Cm. Тимашевская № 1415 Кутепов».

На станции Тихорецкая небольшая группа беженцев пыталась прорваться к поезду Ставки. С узлами, чемоданами, мешками, один старичок даже с портфелем. Инвалид на одной ноге, наверное, бывший офицер, потрясал костылём, требуя справедливости. Молодая невысокая женщина в приличном, но забрызганном грязью пальто, в платочке, из-под которого видны только одни глаза, огромные, чёрные, просящие. Конвой был неумолим. Деникин подумал, что женщину можно было бы выслушать, но не то время. Он смотрел в окно, чуть сдвинув занавеску. Тяжело вздохнул, вернулся за стол, на котором лежала телеграмма Кутепова. Напротив сидел начальник штаба Романовский, человек с всепонимающим взглядом и иронической улыбкой.

   – Разумеется, это не его творение, – сказал Романовский.

   – Но главнокомандующим собирается стать он.

   – Они его убедили, что он достоин этой должности, а ведь это далеко не так. Александр Павлович слишком узко мыслит, слишком прямолинеен, он даже просто туп для решения серьёзных стратегических и политических проблем. Его место – фронт и то с хорошим штабом.

   – Иван Павлович, вы так правильно всё понимаете. За что вас так не любят офицеры?

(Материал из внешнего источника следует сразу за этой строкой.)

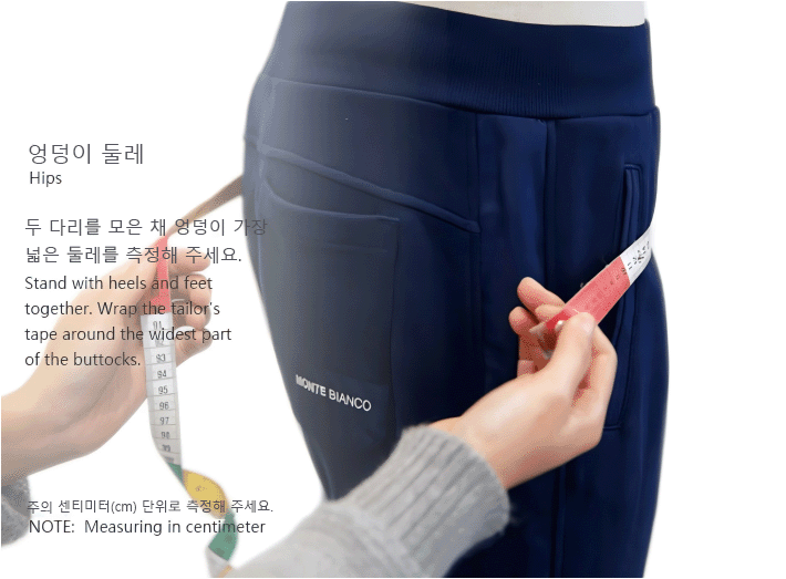 Measure around the widest part of the buttocks while standing with heels and feet together (see photo).
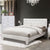 This white padded leatherette bed helps bring about the beauty of this set. Crystal-like acrylic buttons adorn the tufting in the headboard, while matching case goods mirror the simplicity of the bed with straight lines and simple silhouettes. Available in five sizes.
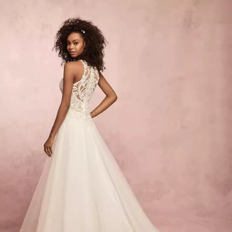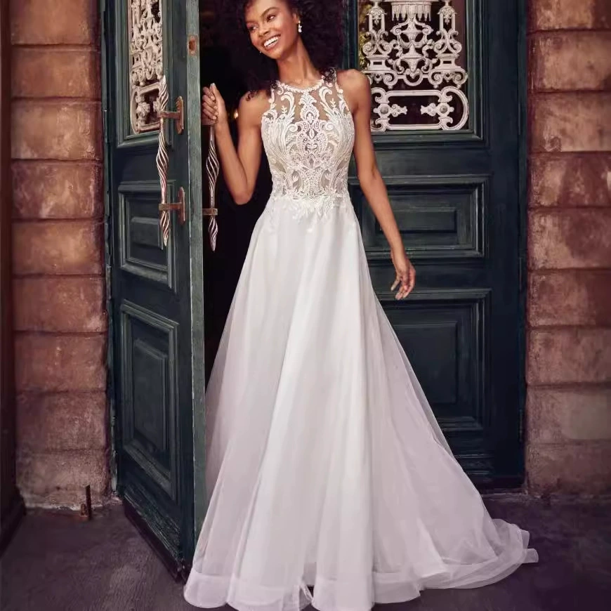 Sleeveless Lace Halter Wedding Dress Long Gown 2025 Summer New Fashion Simple Elegant Women’s Dress

   – Вот за это и не любят. Каждому неприятно чувствовать, что я угадываю все его тайные намерения. Вот о Кутепове я вам скажу: там, в своём штабе, он видит себя вождём, за которым пойдёт армия. Приедет к вам один или с начштаба и будет перед вами извиняться за эту телеграмму. Поэтому надо ответить резко. Я отвечу резко, но если Кутепов выступил против меня, больше мне нечего надеяться на поддержку армии, и я должен уйти. Я не могу это сделать сегодня – произойдут осложнения на фронте, сорвётся эвакуация, но как только армия окажется в относительной безопасности, я немедленно подам в отставку. А на телеграмму ответим соответственно.

«Генералу Кутепову.

Вполне понимаю вашу тревогу и беспокойство за участь офицеров и добровольцев, прошу помнить, что мне судьба их не менее дорога, чем вам, и что, охотно принимая советы своих соратников, я требую при этом соблюдения правильных взаимоотношений подчинённого к начальнику. В основание текущей операции я принимаю возможную активность правого крыла Донской армии. Если придётся отойти за Кубань, то, в случае сохранения боеспособности казачьими частями, будем удерживать фронт по Кубани, что легко, возможно и важно. Если же казачий фронт рассыплется, Добровольческий корпус пойдёт на Новороссийск. Во всех случаях нужен выигрыш времени. Отвечаю по пунктам:

   1. Вывоз раненых и больных идёт в зависимости от средств ваших и даваемых союзниками. Ускоряю, сколько возможно.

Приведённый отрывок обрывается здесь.